Iron Ore-Key indexes stay high but buying wanes

* Import market wanes as mills stop buying

* Shanghai rebar slipped half a percent

* Market eyeing India export policies

(Adds trader’s quote, details)

SHANGHAI, Jan 26 (Reuters) - Offers to sell iron ore to China remained unchanged on Wednesday as steel mills stopped buying in the final week before the Lunar New Year holiday, although key indexes continued to hover near record highs on Tuesday.

China’s iron ore market has gradually ground to a halt this week as the Feb. 2-8 Lunar New Year holiday approaches, and offers of Indian ore with 63.5 percent iron content selling to China stood little changed at about $190 per tonne.

“Our steel mill customers have already stopped buying raw materials this week; there is no market at all right now,” said an iron ore trader in Shanghai.

Year-end restocking by Chinese steel mills since early January has boosted prices of imported iron ore to nearly $200 per tonne including freight, a level last seen in February 2008.

“There is not much time left to open letters of credit if you buy forward bookings now, and steel mills have stocked up already,” said another Shanghai-based trader.

However, a few larger steel mills continue to buy the raw material from ports. Prices are cheaper than forward bookings and buyers are also concerned that costs will rise further after the holiday.

The Platts 62 percent iron ore index IODBZ00-PLT remained steady at $186 per tonne on Tuesday, still close to last Thursday’s record of $186.50.

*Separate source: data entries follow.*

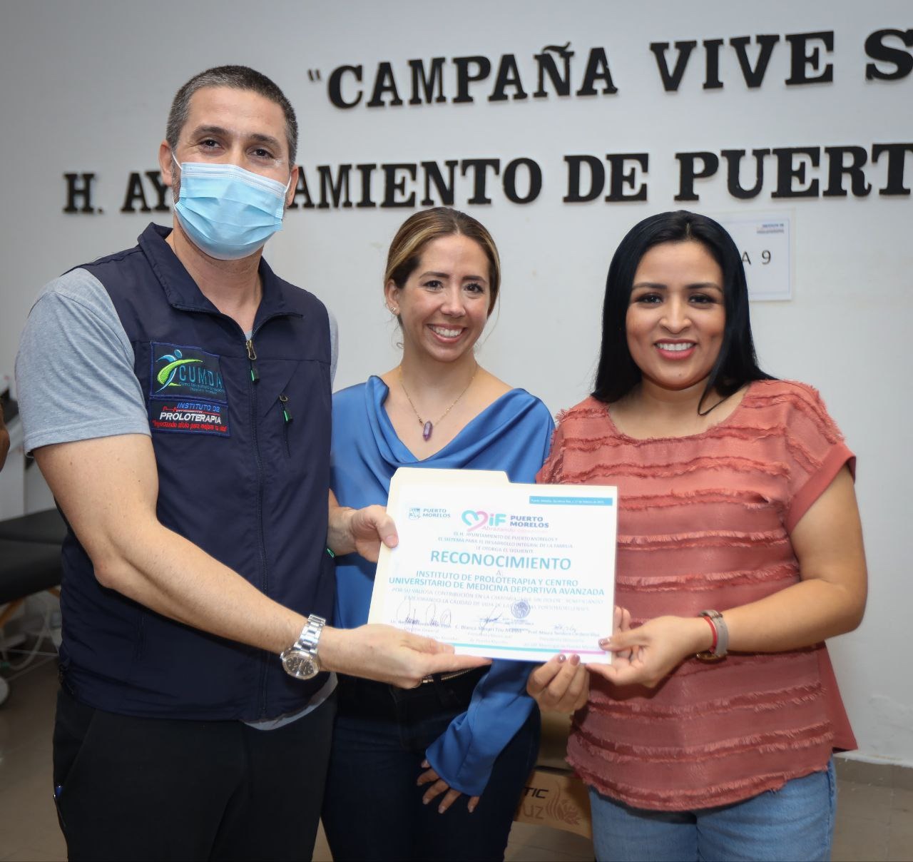 Puerto Morelos- La presidenta municipal Blanca Merari Tziu Muñoz entregó hoy reconocimientos a los representantes de las instituciones que se sumaron a la campaña “Vive sin dolor”, que se puso en marcha el lunes pasado en beneficio de más de 300 habitantes de la comunidad que padecen dolores crónicos, deportistas con lesiones, adultos mayores y quienes por accidentes requieren de rehabilitación, a través de tratamientos de proloterapia.
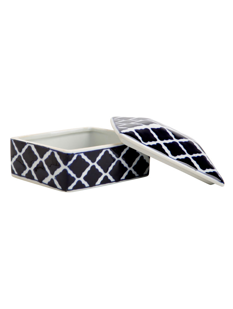 Caja cuadrada azul y blanca de ceramica con tapa. mide 13.46 cms x 10.93 cms por ambos lados y 6.35 cms de alto.
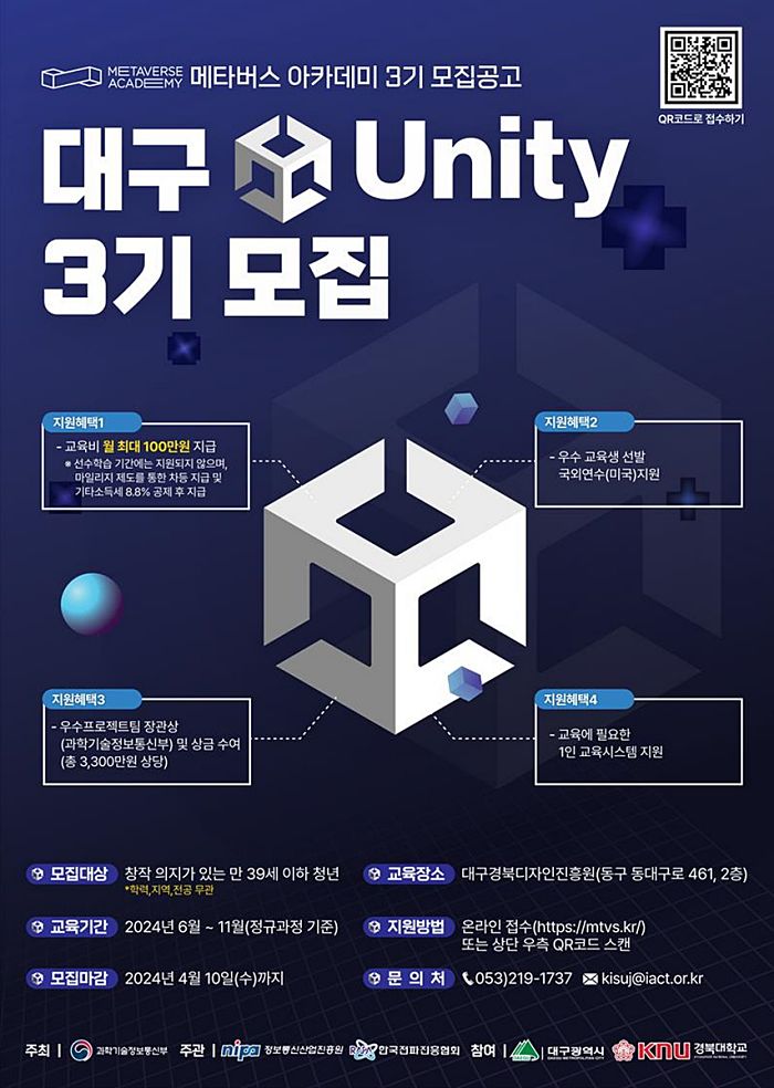대구광역시와 경북대학교는 메타버스* 분야에서 창작 의지와 열정을 가진 청년들이 미래의 메타버스 산업을 이끌 전문가로 성장할 수 있도록 지원하는 ‘대구 메타버스 아카데미’ 3기 교육생을 4월 10일(수)까지 공개 모집한다.
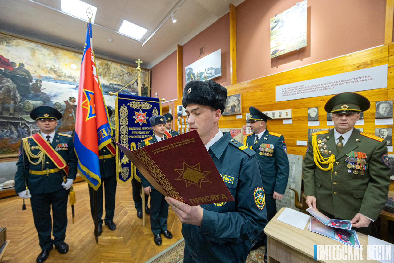 Молодые служащие в органах и подразделениях по чрезвычайным ситуациям Витебщины приняли присягу. Этот важный и волнительный момент новобранцы запомнят на всю жизнь: клятву верности Родине и народу они произнесли в особенный для профессиональной службы день – День спасателя.
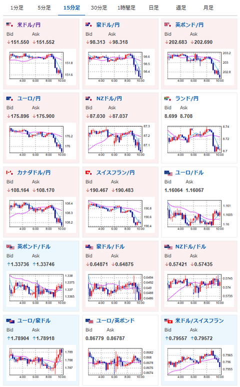 1: 以下名無しさんに代わりまして管理人がお伝えします 1848/01/24(?)00:00:00 ID:money_soku 2025年10月22日10時36分取得: やる夫今日のポイント:・一旦各商品の下げ止まりまで様子見・ご祝儀ムードの終了で次の材料待ち 今日の予想:・特に予想に変化なし円安、株高、金高、仮想通貨は様子見中・米中対立激化には注意 本日のスケジュール(特に重要なイベントは赤字で表示):前回発言は、直近であれば大きくスタンスが変更される可能性は低いため影響度低久しぶりの発言、スタンスの変化、中央銀行への影響力などがある場合、相場への影響大 15:00 英)9月英消費者物価指数(CPI、予想:前月比0.1%/前年比4.0%) 15:00 英)9月英CPIコア指数(予想:前年比3.7%) 15:00 英)9月英小売物価指数(RPI、予想:前月比▲0.2%/前年比4.7%) 17:00 南ア)9月南アフリカCPI(予想:前月比0.2%/前年比3.4%) 20:00 米)MBA住宅ローン申請指数 20:00 欧)デギンドス欧州中央銀行(ECB)副総裁、講演前回発言(10月時点):ECB、銀行資本バッファー削減提案へ 小規模銀行向けに規制簡素化 21:25 欧)ラガルドECB総裁、講演前回発言(10月時点):インフレリスクの幅は狭まったと認識 23:30 米)EIA週間在庫統計 23日02:00 米)米財務省、20年債入札 インド(ディワリ)、休場 1001: 以下名無しさんに代わりまして管理人がお伝えします 1848/01/24(?)00:00:00 ID:money_soku おはようございますお。 ご祝儀ムードが終了で為替以外はがっつり下げの展開に。 最終的にはロングに戻したいけれど、現在は下げ止まりになるタイミングを待っているお。 金価格も大幅に下げたので、一旦ポジションは解消。 材料出尽くしのため、次の材料が出るタイミングを待っているお。 document.getElementById(‘kznott2frame’).onload = function() { try { const contentHeight = this.contentWindow.document.body.scrollHeight; this.height = contentHeight; } catch (e) { console.error(“error”); } }; 続きを読む Source: 稼げるまとめ速報 投稿ナビゲーション セキュリティ業界最高 金価格、史上最高値を更新した直後に日本屈指の逆神が興味を持ち過去最大の下げ幅を記録
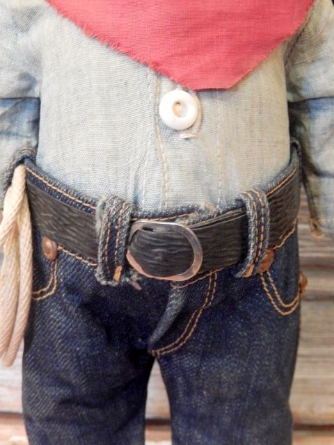 ダンガリーシャツ、デニム、ベルト、帽子、バンダナに加え、右腰にあるロープもオリジナルです
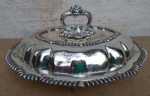 BEAUTIFUL ORNATE ANTIQUE SILVER PLATED OLD SHEFFIELD STYLE VEGETABLE SERVER WITH DETACHABLE LID AND HANDLE (MAKES TWO VEG DISHES WHEN HANDLE IS DETACHED). GUADROONED EDGE. SOME ODD AREAS OF WEAR TO PLATE, BUT GENERALLY VGC, NO DENTS SEEN.
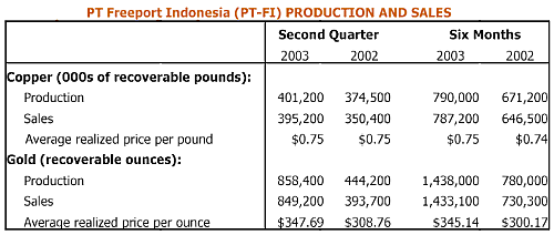 Second-quarter 2003 copper and gold sales exceeded previous quarterly estimates primarily because of the timing of mining ore previously forecast to be mined in the second half of 2003. PT-FI expects its sales for 2003 to approximate 1.4 billion pounds of copper and 2.6 million ounces of gold, with sales for the third quarter of 2003 estimated to approximate 320 million pounds of copper and 640,000 ounces of gold.
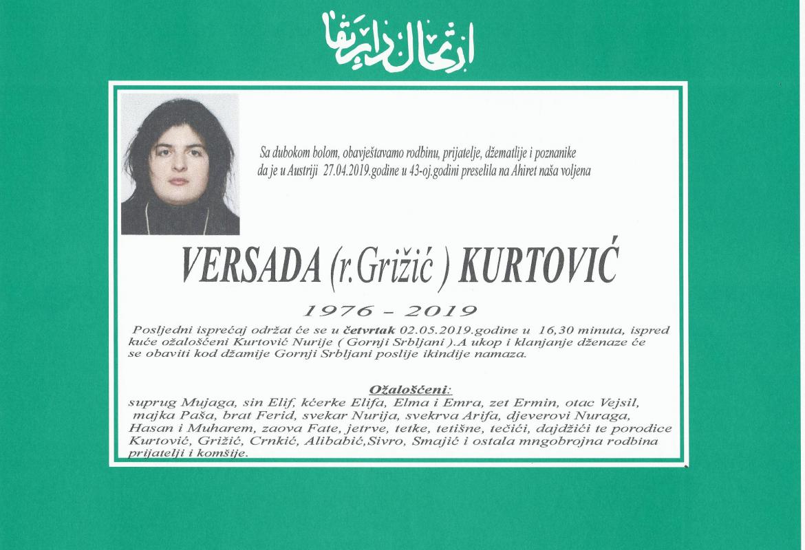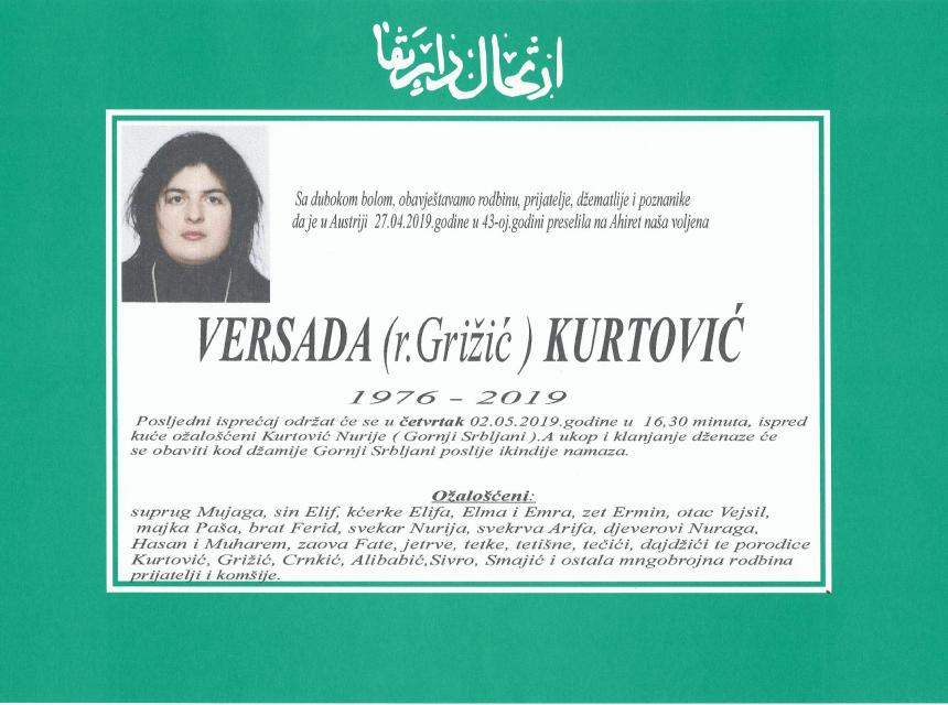 Javljamo rodbini, prijateljima, komšijama i poznanicima da je u Austriji dana 27.04.2019.godine u 43.- oj godini života na Ahiret preselila Versada (rođ. Grižić) Kurtović.
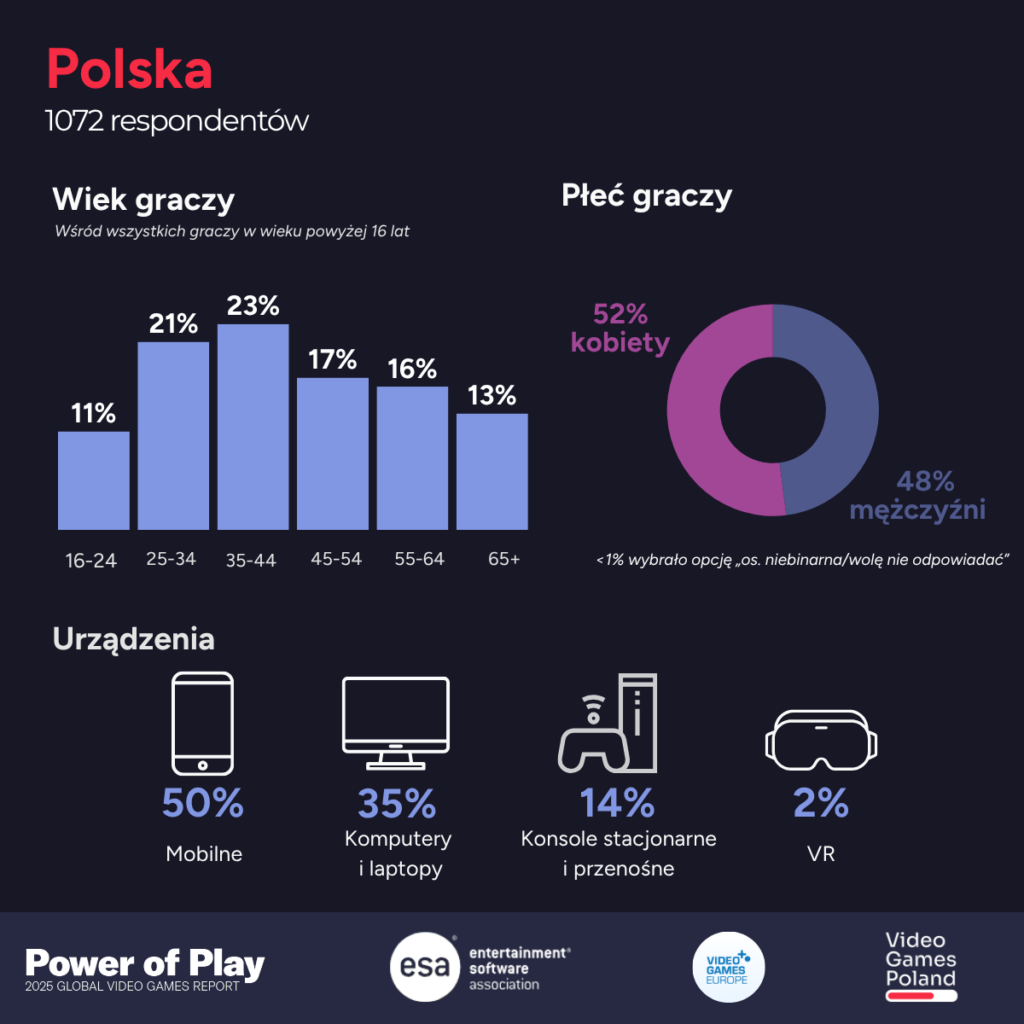 Video Games Poland, obok Entertainment Software Association i Video Games Europe oraz innych organizacji branżowych z Europy i Świata, jest jednym ze współtwórców raportu „Power of Play 2025”. Pełny raport dostępny jest na stronach: www.videogamespoland.pl i www.theesa.com
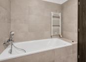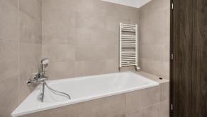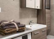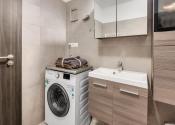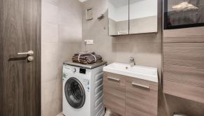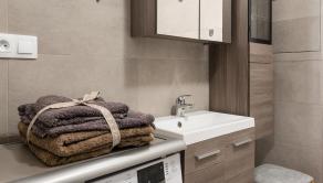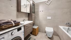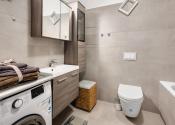 -kúpeľňa s vaňou, umývadlom, zrkadlom, skrinkami, práčkou a WC
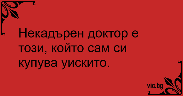 Некадърен доктор е този, който сам си купува уискито.
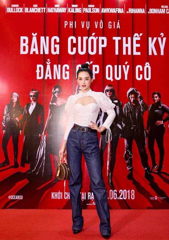 Còn đây là Khánh Linh với chiếc áo bo chun trên thảm đỏ sự kiện. Một sự kết hợp hoàn hảo với quần jean cạp cao được nhấn nhá bởi belt, tôn vòng eo kiến càng.
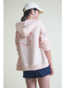 Color rosa claro con cremallera frontal y detalle estampado en el pecho. Suave y cómoda, perfecta para el día a día y combinar en looks casuales.
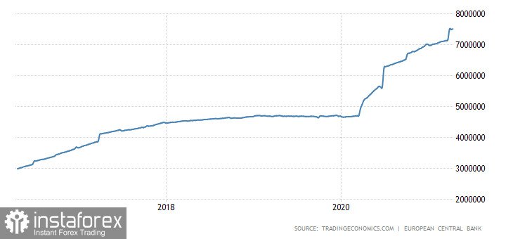 На иллюстрации видно, что баланс Банка Англии вырос с начала 2020 года со значения 580 миллиардов фунтов до значения 940 миллиардов фунтов в марте 2021 года. Таким образом, баланс увеличился на 70-80% или на 360 миллиардов фунтов. Эти деньги с высокой долей вероятности были напечатаны или созданы на банковских счетах из ниоткуда. Далее посмотрим на данные ЕЦБ.
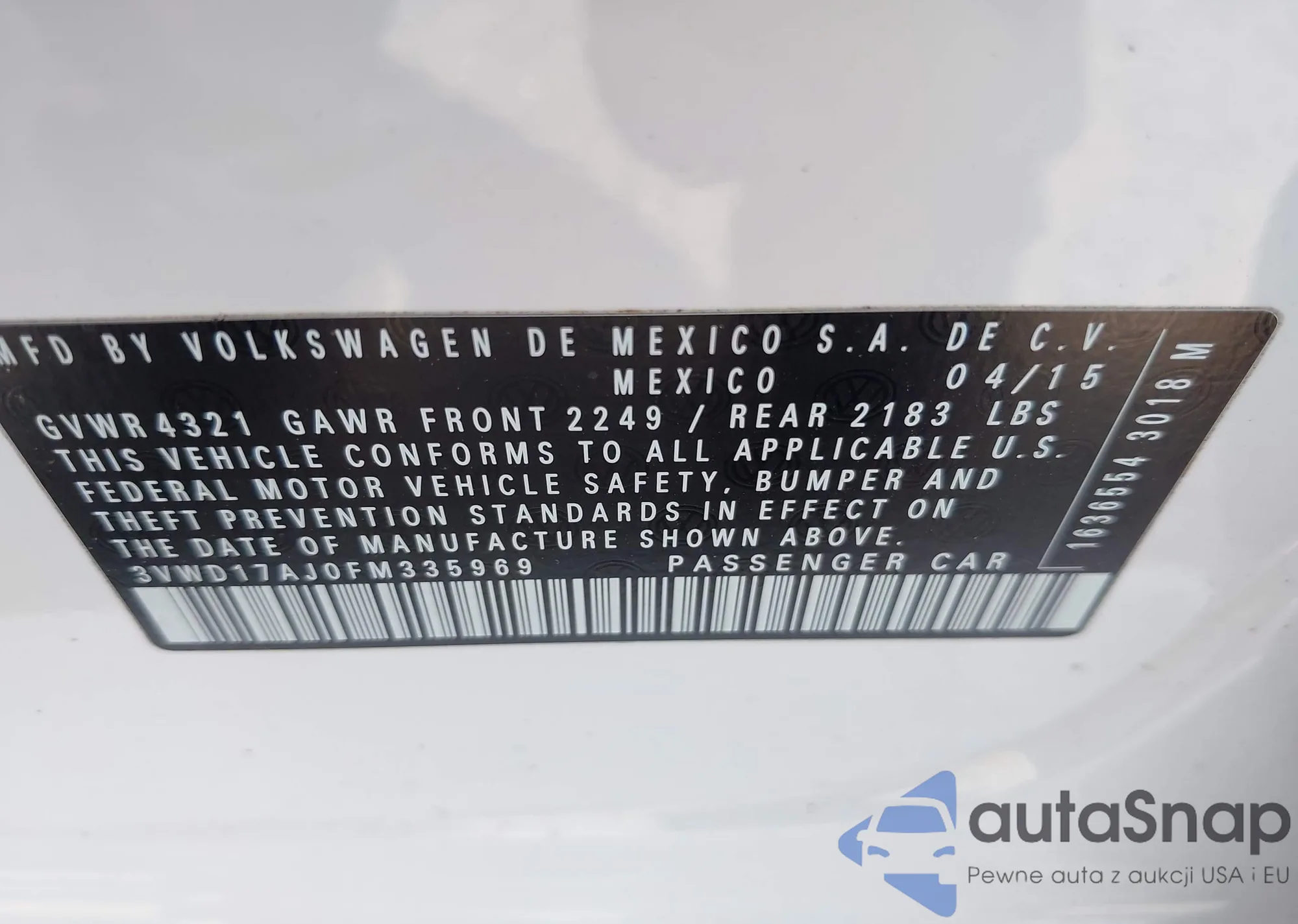 • VIN 2HKRM3H31FH505259

The Steel Index 62 percent benchmark .IO62-CNI=SI rebounded 40 cents to $185.4 per tonne, holding close to last Friday’s record of $185.70.

The Metal Bulletin Iron Ore Index .IO62-CNO=MB bucked the trend again by falling about $1 to $183.48 per tonne on Tuesday after gaining for 12 consecutive sessions.

SUPPLY CHAOS

India’s high court is expected to lift the ban on exports from the southern Karnataka state in February, which might ease supply shortages and trigger a fall in prices.

“Supply will increase if the ban is removed and there may be a psychological impact too. Prices are so high now and we are all waiting for it to peak and fall,” the second trader said.

However, India Railways raised train freight costs for iron ore for exports by 50 percent from Thursday to take advantage of solid global prices, and that might push prices even closer towards $200 a tonne. [ID:nSGE70O07P]

Orissa state, India’s top iron ore producer, is also looking at a ban on exports, which adds more uncertainties to the physical market.

The most active rebar futures on the Shanghai Futures Exchange SRBK1 slipped around half a percent in the morning trade to close at 4,967 yuan ($754.6) per tonne, after rising to a record for the sixth time in eight sessions on Tuesday.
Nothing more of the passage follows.